■ **Exercise**: Send back the data below exactly. Drop every picture.

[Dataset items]
= Beginning of Section =
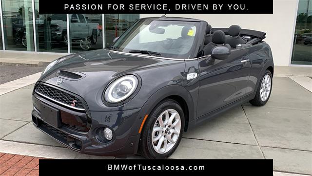 BMW of Tuscaloosa presents this 2019 MINI Cooper S in Gray Metallic exterior with Carbon Black interior. The Vehicle is equipped with 4-Wheel Disc Brakes, 6 Speakers, ABS brakes, Active Cruise Control, Active Driving Assistant, Air Conditioning, Alloy wheels, AM/FM radio, AM/FM Stereo, Auto-Dimming Interior & Exterior Mirrors, Automatic Climate Control, Black Checkered Interior Surface, Body Color Mirror Caps, Brake assist, Bumpers: body-color, Carbon Black Color Line, Comfort Access Keyless Entry, Convertible roof lining, Convertible Wind Deflector, Delay-off headlights, Driver door bin, Driver vanity mirror, Dual front impact airbags, Dual front side impact airbags, Electronic Stability Control, Emergency communication system, Exterior Parking Camera Rear, Four wheel independent suspension, Front anti-roll bar, Front Bucket Seats, Front Center Armrest w/Storage, Front fog lights, Front reading lights, Fully automatic headlights, Glass rear window, harman/kardon® Logic 7® Digital Surround, Heated door mirrors, Heated Front Seats, Illuminated entry, Integrated roll-over protection, John Cooper Works Leather Steering Wheel, Knee airbag, Leather steering wheel, LED Fog Lights, LED Headlights w/Cornering Lights, Low tire pressure warning, MINI Assist eCall, MINI TeleServices, Occupant sensing airbag, Outside temperature display, Overhead console, Park Distance Control, Parking Assistant, Passenger door bin, Passenger vanity mirror, Piano Black Exterior, Power convertible roof, Power door mirrors, Power moonroof, Power steering, Power windows, Power-Folding Mirrors, Radio data system, Rain sensing wipers, Rear anti-roll bar, Rear window defroster, Rear window wiper, Remote keyless entry, SensaTec Leatherette Upholstery, SiriusXM Satellite Radio, Speed control, Speed-sensing steering, Speed-Sensitive Wipers, Split folding rear seat, Sport Leather Steering Wheel, Sport Seats, Sport steering wheel, Steering wheel mounted audio controls, Tachometer, Telescoping steering wheel, Tilt steering wheel, Traction control, Trip computer, Variably intermittent wipers, Wheels: 16"" x 6.5"" Loop Spoke Silver Alloy, White Turn-Signal Lights, and Without Additional Chrome Interior Trim.Call Today to Schedule your VIP Appointment: 205-345-9811. 2019 MINI Cooper S
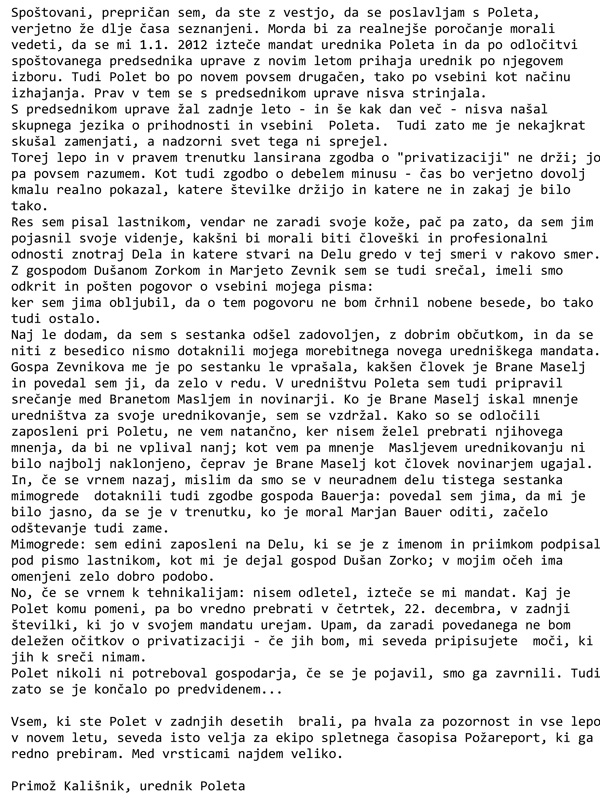 Pismo Primoža Kališnika, ki ga je novinarjem Dela in Slovenskih novic poslal po objavi našega članka. V pismu med drugim navaja, kako mu je takoj po odhodu Marjana Bauerja postalo jasno, da se je začelo odštevanje tudi zanj.
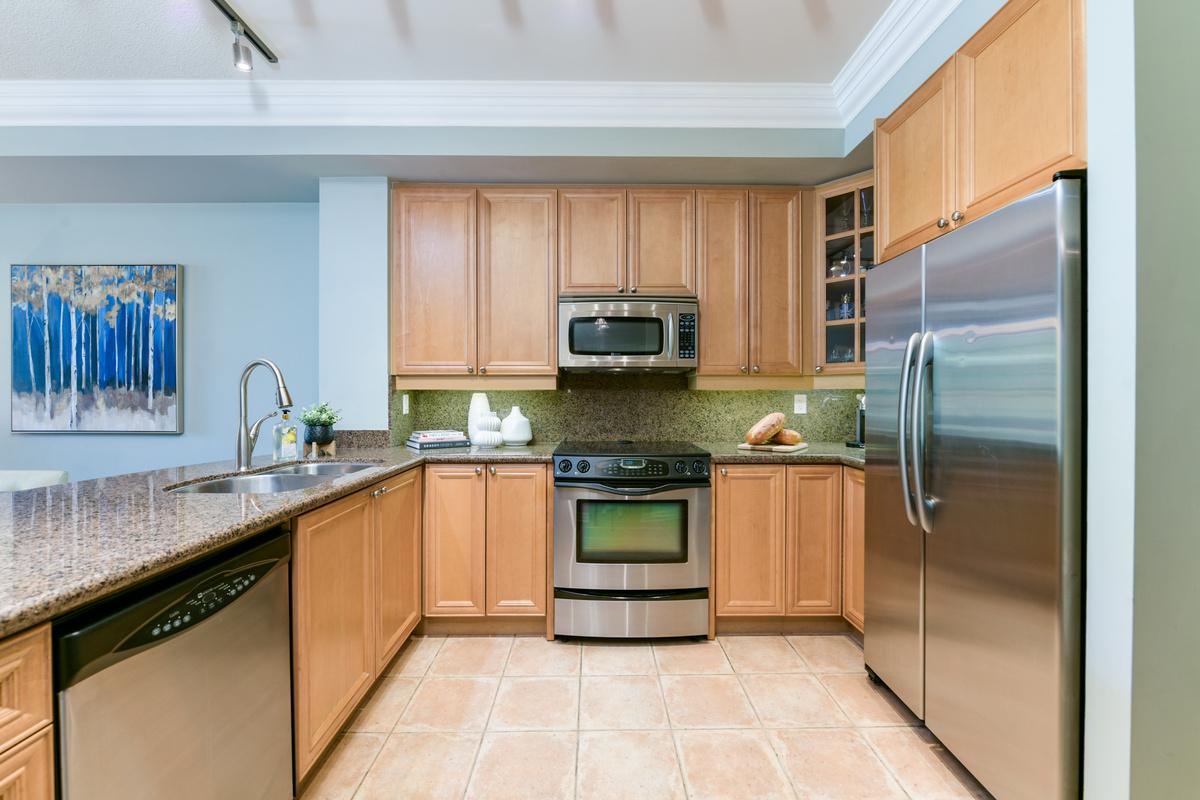 The kitchen offers stainless steel appliances, granite countertops and backsplash, under-mount stainless steel double sinks, track lighting and undermount cabinet lighting, tile floors, and access to laundry room.
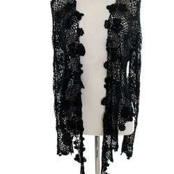 Denna svarta kofta är perfekt för att skapa en sofistikerad och tidlös look. Den långa öppna designen ger dig möjlighet att låta din personliga stil lysa igenom samtidigt som de praktiska fickorna ger dig möjlighet att förvara dina vardagsprylar på ett smidigt sätt.
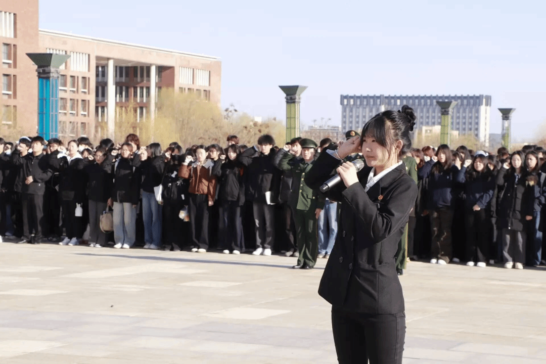 学生代表金融学24403班孙鸣汗在国旗下发表讲话。他以新时代青年的视角锚定时代使命,围绕国家安全教育主题传递青春信仰,发言真挚恳切、富有感召力。他号召同学们以理想铸魂、以实干立身,将个人成长融入国家安全事业,用青春担当守护家国安宁,充分展现了当代青年的赤诚初心与昂扬锐气。
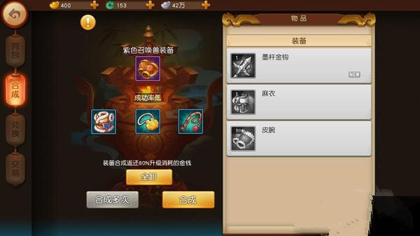 3个九眼天珠有较小的几率可以合成一件橙色召唤兽装备
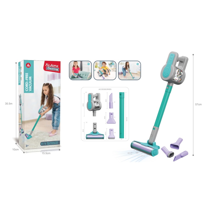 Ovaj realistični set električnog usisavača uključuje dodatne alate za čišćenje, omogućujući vašem djetetu da uči o važnosti održavanja čistoće, dok uživa u igri. S tri zamjenjive četke različitih oblika, vaš mali istraživač će razvijati fine motoričke vještine i samopouzdanje, a sve kroz igru koja oponaša stvarne zadatke u domaćinstvu.
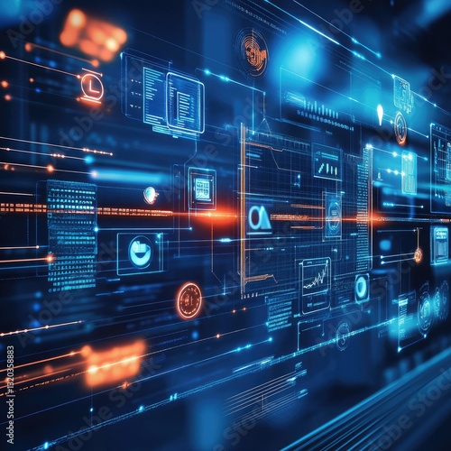 Futuristic Digital Network Interface Showing Data Flow and Information Technology Processes
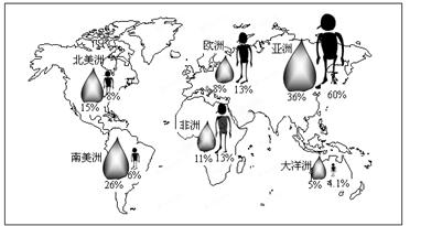 3、单选题 水是地球上分布最广泛的资源,但地球上的水只有2.53%是淡水。该图是地球上可利用的淡水资源分布和人口资源分布示意图,图中数值分别表示各大洲淡水资源、人口数量占世界总数的百分比,读图回答问题。
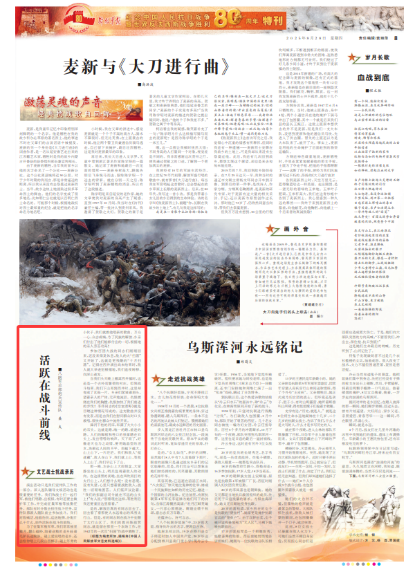 活跃于战斗的前线,教授文化和娱乐活动的深层公司也是一项非常重要的任务。我们与士兵一起游行,教他们唱歌,有时我们不得不进行军事扩张并完成军事任务,例如收集军事口粮。部队曾经传播以进行战斗活动,宣传团队派人加入团队参加战斗。我们向敌人大喊,救出了受伤的人,带炮弹,做了我们被分配的一切,并总是在战斗的前线中活跃。为了收集军事和草的口粮,我们经常与我们的村民一起提供食物。当您遇到一个说唱同伴时,您将为您唱一些Shanxi Bangzi的部分。当您遇到一个年轻人时,Tutwe告诉她唱新歌。我们团结一致。为了释放该国,村民们付出了一切,基地地区的亲戚正在努力工作,做出巨大的贡献!参加该团战争的同伴只有返回。在他们有时间休息之前,敌人的“席卷”再次开始。这是更残酷的“十月席卷”。我记得在Xijing的表现结束之前,敌人大量攻击了基本区域。我们整夜搬进了深山。前一天晚上,当我们逃离Xijing镇时,它仍然是一个独特而繁荣的村庄。但是在战斗结束时,当我们下山然后到达Xijing时,它被压碎了。村民点点头,看着亲戚的尸体,悄悄地哭了。乳房的愤怒燃烧和仇恨加速了我们的发展速度!李维(Li Wei)同志的“空房间里的Qingye”是通过目睹这种情况而写的。这首歌不是出版,而是在我们对群众耐心并很快散布到群众时,口头教给我们。张河的干河被各种尺寸的岩石覆盖。这是道路,唯一的道路,前进的道路。人们的钢铁脚和动物脚踩在岩石上,发出声音。下雨了,似乎上帝已经移动了它,想用他的水晶眼泪洗净世界上的不公正现象。雨变得越来越大,而且有广阔的起义。我们在敌人身上扮演捉迷藏。敌人在山的脚下,所以我们爬上了山。当敌人爬上山时,我们去了山上。那天晚上,在Zuohui山上大雨。每个人都安静地坐在山顶,哨兵监视了敌人的运动。在这个漆黑的夜晚,坐在风和雨的山上,人们怎么看?没有悲观,没有挫败感,我只想击败敌人并克服所有的困难和苦难。人们小声说:“我们的副总司令彭在不远的山上!”有人说:“现在不要看,我会回到这里成功之后。“是的,在释放后,一些同志们真的回来了,看到了令人难忘的风和雪山。但是,在战斗中,有些同志被埋葬在塔里山上。我们的老师和陈·云吉(Chen Yunji)一起住在农场,死在1942年的“抗击”行动中。
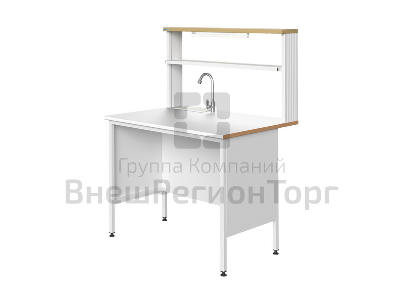 Ламинат - устойчив к кратковременному воздействию концентрированных кислот, щелочей, органических растворителей, дезинфицирующих растворов, красителей. Высокая устойчивость к истиранию. При кратковременном воздействии выдерживают температуру до +250С. Не меняет своих цветовых характеристик с течением времени. Материал гигиеничен, легко очищается. Цвет столешницы– белый.В столешницу врезана сливная раковина из полипропилена 250х100х150 мм, моно- кран. Каркас стола изготовлен из металлической профильной трубы квадратного сечения 30х30х1,5 мм. Боковые стенки изготовлены из металлического холоднокатаного листа толщиной 0,9-1 мм.
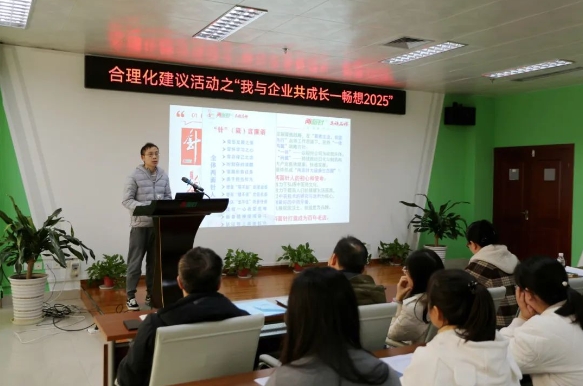 在“我與企業(yè)共成長——暢想2025”為公司高質(zhì)量發(fā)展建言獻(xiàn)策環(huán)節(jié),劉佳欣、江寧、劉彩云等由各分會(huì)指派的員工代表逐一上臺(tái)發(fā)言,分享個(gè)人2024年的收獲,以及對(duì)公司改進(jìn)生產(chǎn)經(jīng)營管理、加強(qiáng)人才隊(duì)伍建設(shè)、推進(jìn)黨建帶群團(tuán)建設(shè)等各方面的合理化建議。在場員工聚精會(huì)神,對(duì)建言獻(xiàn)策的精彩部分頻頻點(diǎn)頭贊同。
= End of Section =
■ **Written answer**:
 BMW of Tuscaloosa presents this 2019 MINI Cooper S in Gray Metallic exterior with Carbon Black interior. The Vehicle is equipped with 4-Wheel Disc Brakes, 6 Speakers, ABS brakes, Active Cruise Control, Active Driving Assistant, Air Conditioning, Alloy wheels, AM/FM radio, AM/FM Stereo, Auto-Dimming Interior & Exterior Mirrors, Automatic Climate Control, Black Checkered Interior Surface, Body Color Mirror Caps, Brake assist, Bumpers: body-color, Carbon Black Color Line, Comfort Access Keyless Entry, Convertible roof lining, Convertible Wind Deflector, Delay-off headlights, Driver door bin, Driver vanity mirror, Dual front impact airbags, Dual front side impact airbags, Electronic Stability Control, Emergency communication system, Exterior Parking Camera Rear, Four wheel independent suspension, Front anti-roll bar, Front Bucket Seats, Front Center Armrest w/Storage, Front fog lights, Front reading lights, Fully automatic headlights, Glass rear window, harman/kardon® Logic 7® Digital Surround, Heated door mirrors, Heated Front Seats, Illuminated entry, Integrated roll-over protection, John Cooper Works Leather Steering Wheel, Knee airbag, Leather steering wheel, LED Fog Lights, LED Headlights w/Cornering Lights, Low tire pressure warning, MINI Assist eCall, MINI TeleServices, Occupant sensing airbag, Outside temperature display, Overhead console, Park Distance Control, Parking Assistant, Passenger door bin, Passenger vanity mirror, Piano Black Exterior, Power convertible roof, Power door mirrors, Power moonroof, Power steering, Power windows, Power-Folding Mirrors, Radio data system, Rain sensing wipers, Rear anti-roll bar, Rear window defroster, Rear window wiper, Remote keyless entry, SensaTec Leatherette Upholstery, SiriusXM Satellite Radio, Speed control, Speed-sensing steering, Speed-Sensitive Wipers, Split folding rear seat, Sport Leather Steering Wheel, Sport Seats, Sport steering wheel, Steering wheel mounted audio controls, Tachometer, Telescoping steering wheel, Tilt steering wheel, Traction control, Trip computer, Variably intermittent wipers, Wheels: 16"" x 6.5"" Loop Spoke Silver Alloy, White Turn-Signal Lights, and Without Additional Chrome Interior Trim.Call Today to Schedule your VIP Appointment: 205-345-9811. 2019 MINI Cooper S
 Pismo Primoža Kališnika, ki ga je novinarjem Dela in Slovenskih novic poslal po objavi našega članka. V pismu med drugim navaja, kako mu je takoj po odhodu Marjana Bauerja postalo jasno, da se je začelo odštevanje tudi zanj.
 The kitchen offers stainless steel appliances, granite countertops and backsplash, under-mount stainless steel double sinks, track lighting and undermount cabinet lighting, tile floors, and access to laundry room.
 Denna svarta kofta är perfekt för att skapa en sofistikerad och tidlös look. Den långa öppna designen ger dig möjlighet att låta din personliga stil lysa igenom samtidigt som de praktiska fickorna ger dig möjlighet att förvara dina vardagsprylar på ett smidigt sätt.
 学生代表金融学24403班孙鸣汗在国旗下发表讲话。他以新时代青年的视角锚定时代使命,围绕国家安全教育主题传递青春信仰,发言真挚恳切、富有感召力。他号召同学们以理想铸魂、以实干立身,将个人成长融入国家安全事业,用青春担当守护家国安宁,充分展现了当代青年的赤诚初心与昂扬锐气。
 3个九眼天珠有较小的几率可以合成一件橙色召唤兽装备
 Ovaj realistični set električnog usisavača uključuje dodatne alate za čišćenje, omogućujući vašem djetetu da uči o važnosti održavanja čistoće, dok uživa u igri. S tri zamjenjive četke različitih oblika, vaš mali istraživač će razvijati fine motoričke vještine i samopouzdanje, a sve kroz igru koja oponaša stvarne zadatke u domaćinstvu.
 Futuristic Digital Network Interface Showing Data Flow and Information Technology Processes
 3、单选题 水是地球上分布最广泛的资源,但地球上的水只有2.53%是淡水。该图是地球上可利用的淡水资源分布和人口资源分布示意图,图中数值分别表示各大洲淡水资源、人口数量占世界总数的百分比,读图回答问题。
 活跃于战斗的前线,教授文化和娱乐活动的深层公司也是一项非常重要的任务。我们与士兵一起游行,教他们唱歌,有时我们不得不进行军事扩张并完成军事任务,例如收集军事口粮。部队曾经传播以进行战斗活动,宣传团队派人加入团队参加战斗。我们向敌人大喊,救出了受伤的人,带炮弹,做了我们被分配的一切,并总是在战斗的前线中活跃。为了收集军事和草的口粮,我们经常与我们的村民一起提供食物。当您遇到一个说唱同伴时,您将为您唱一些Shanxi Bangzi的部分。当您遇到一个年轻人时,Tutwe告诉她唱新歌。我们团结一致。为了释放该国,村民们付出了一切,基地地区的亲戚正在努力工作,做出巨大的贡献!参加该团战争的同伴只有返回。在他们有时间休息之前,敌人的“席卷”再次开始。这是更残酷的“十月席卷”。我记得在Xijing的表现结束之前,敌人大量攻击了基本区域。我们整夜搬进了深山。前一天晚上,当我们逃离Xijing镇时,它仍然是一个独特而繁荣的村庄。但是在战斗结束时,当我们下山然后到达Xijing时,它被压碎了。村民点点头,看着亲戚的尸体,悄悄地哭了。乳房的愤怒燃烧和仇恨加速了我们的发展速度!李维(Li Wei)同志的“空房间里的Qingye”是通过目睹这种情况而写的。这首歌不是出版,而是在我们对群众耐心并很快散布到群众时,口头教给我们。张河的干河被各种尺寸的岩石覆盖。这是道路,唯一的道路,前进的道路。人们的钢铁脚和动物脚踩在岩石上,发出声音。下雨了,似乎上帝已经移动了它,想用他的水晶眼泪洗净世界上的不公正现象。雨变得越来越大,而且有广阔的起义。我们在敌人身上扮演捉迷藏。敌人在山的脚下,所以我们爬上了山。当敌人爬上山时,我们去了山上。那天晚上,在Zuohui山上大雨。每个人都安静地坐在山顶,哨兵监视了敌人的运动。在这个漆黑的夜晚,坐在风和雨的山上,人们怎么看?没有悲观,没有挫败感,我只想击败敌人并克服所有的困难和苦难。人们小声说:“我们的副总司令彭在不远的山上!”有人说:“现在不要看,我会回到这里成功之后。“是的,在释放后,一些同志们真的回来了,看到了令人难忘的风和雪山。但是,在战斗中,有些同志被埋葬在塔里山上。我们的老师和陈·云吉(Chen Yunji)一起住在农场,死在1942年的“抗击”行动中。
 Ламинат - устойчив к кратковременному воздействию концентрированных кислот, щелочей, органических растворителей, дезинфицирующих растворов, красителей. Высокая устойчивость к истиранию. При кратковременном воздействии выдерживают температуру до +250С. Не меняет своих цветовых характеристик с течением времени. Материал гигиеничен, легко очищается. Цвет столешницы– белый.В столешницу врезана сливная раковина из полипропилена 250х100х150 мм, моно- кран. Каркас стола изготовлен из металлической профильной трубы квадратного сечения 30х30х1,5 мм. Боковые стенки изготовлены из металлического холоднокатаного листа толщиной 0,9-1 мм.
 在“我與企業(yè)共成長——暢想2025”為公司高質(zhì)量發(fā)展建言獻(xiàn)策環(huán)節(jié),劉佳欣、江寧、劉彩云等由各分會(huì)指派的員工代表逐一上臺(tái)發(fā)言,分享個(gè)人2024年的收獲,以及對(duì)公司改進(jìn)生產(chǎn)經(jīng)營管理、加強(qiáng)人才隊(duì)伍建設(shè)、推進(jìn)黨建帶群團(tuán)建設(shè)等各方面的合理化建議。在場員工聚精會(huì)神,對(duì)建言獻(xiàn)策的精彩部分頻頻點(diǎn)頭贊同。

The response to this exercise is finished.